Obviously, the Trump administration’s new ICE-in-Your- Classrooms policy could be stressful for children of immigrants, who are uniquely sensitive to the possible consequences of these raids. Research has repeatedly shown that increased immigration enforcement activity around children of immigrants leads to worse academic outcomes. In the weeks since Trump’s order, children of immigrants, regardless of the specific state of their family’s documentation, appear to be staying home from school in large numbers

And yet, this new policy affects all children. As columnist Perry Bacon recently wrote in The Washington Post, “This administration is breaking with the idea that schools should be an accepting and reassuring space for young people.” Children don’t have to have an immigrant parent to struggle with this moment. It’s hard to imagine how armed law enforcement activity on campus could help them feel safer or help them learn more, especially as the most recent round of math and reading scores have confirmed that the country’s students are falling further off pace, academically speaking. 

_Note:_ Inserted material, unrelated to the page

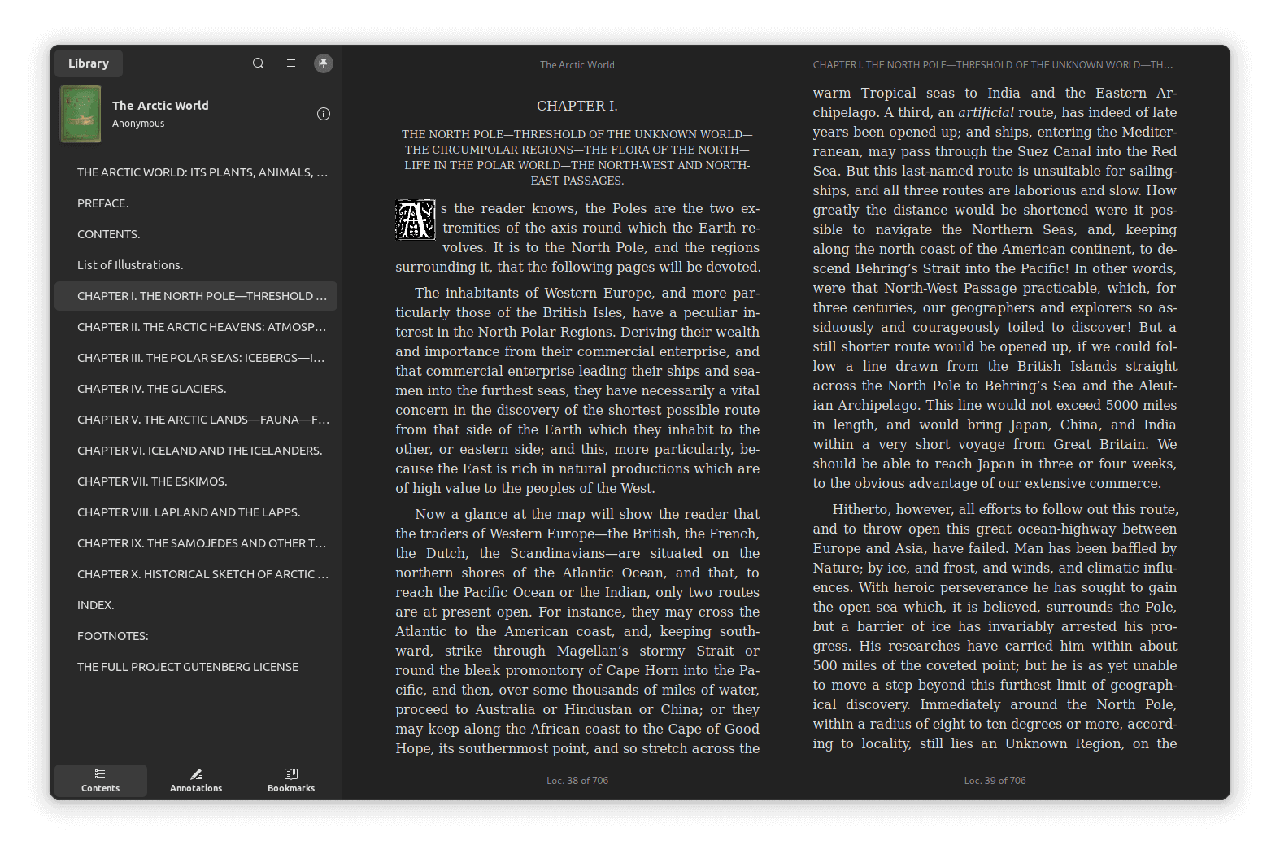 如你所见,Foliate 的主要变化在于其用户界面。它现在采用了全新的布局,把图书库和电子书阅读器都整合到一个窗口中。

Of course, that’s perhaps the point. The new administration’s K–12 education plans are thin (at best) when it comes to proposals for improving how schools support children’s academic achievement. Bereft of serious education reform ideas, Trump and his deputies are launching new culture war assaults and opening schools to host immigration enforcement raids

This won’t make communities safer or improve kids’ academic performance. Research conclusively, consistently shows that immigrants are major assets to their communities. It also has found that culturally and linguistically diverse kids are some of U.S. schools’ best students, whose presence appears to raise academic achievement for all kids

If this debate still seems complicated: remember that the world’s messy. U.S. immigration laws, which are in dire need of comprehensive reform, should be enforced. Meanwhile, our kids — currently overcoming generationally awful obstacles — deserve to feel safe and secure enough to focus on learning. 

But anyone who reflects on those two public priorities and concludes that children’s well-being is of secondary importance is betraying the depravity of their moral compass. They are showing that they do not, however much they protest, understand what it means to put students first. 

Conor P. Williams is a senior fellow at the Century Foundation, a Founding Partner at the Children’s Equity Project, and a father to three public school students. These views are his alone and do not reflect his employers or any organizations with which he may be affiliated.